* Given material *

::::::

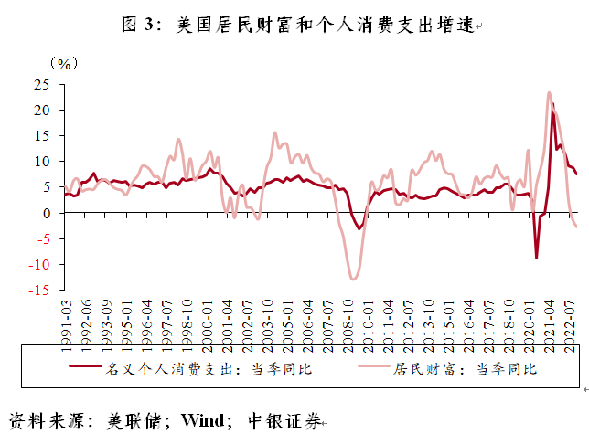 三是美国居民的财富效应。美国居民的财富(总资产—总负债)同比增速领先于消费支出同比增速。2022年四季度,虽然美国居民的财富同比下降2.7%,但是个人消费支出同比依然有7.5%(见图3)。如果金融市场改善提升居民的财富效应,将进一步降低美联储紧缩对消费降温的作用。市场可能在“作茧自缚”。
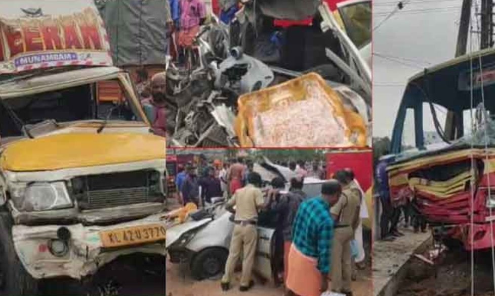 കാർ വെട്ടിപ്പൊളിച്ചാണ് അകത്തുള്ളവരെ പുറത്തെടുത്തിരുന്നത്. പിക്കപ്പ് വാനിലെ ഡ്രൈവറെയും പുറത്തെടുത്തത് വാഹനം വെട്ടിപ്പൊളിച്ചാണ്. കെഎസ്ആർടിസി ബസിൽ ഉണ്ടായിരുന്നവർക്ക് നിസാര പരുക്കേറ്റിട്ടുണ്ട്.
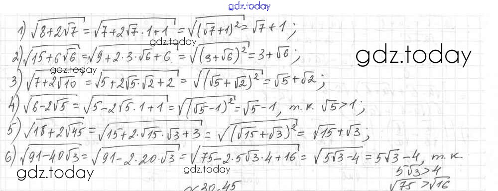 На страницах сайта gdz.today вы найдете учебный и вспомогательный материал, направленный на улучшения знаний школьной программы. ГДЗ - онлайн мир знаний §30. Тождественные преобразования выражений, содержащих арифметические квадратные корни Решение к главе 5. Квадратные корни. Действительные числа 44 Учебнику по Алгебре для 8 класса Мерзляк, Поляков Углубленный уровень Вентана-граф Алгоритм успеха 2020
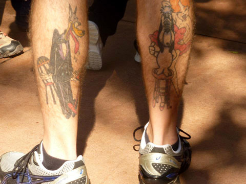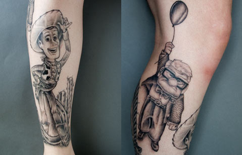 This guy really likes Pixar. What else can you say? Click on the picture to see the tattoos up close.

::::::

* Exercise details *
In your answer, copy exactly the lines running from the line with "На страницах сайта" to the end of the material above, both included, and omit all pictures.

* Answer section *
 На страницах сайта gdz.today вы найдете учебный и вспомогательный материал, направленный на улучшения знаний школьной программы. ГДЗ - онлайн мир знаний §30. Тождественные преобразования выражений, содержащих арифметические квадратные корни Решение к главе 5. Квадратные корни. Действительные числа 44 Учебнику по Алгебре для 8 класса Мерзляк, Поляков Углубленный уровень Вентана-граф Алгоритм успеха 2020
 This guy really likes Pixar. What else can you say? Click on the picture to see the tattoos up close.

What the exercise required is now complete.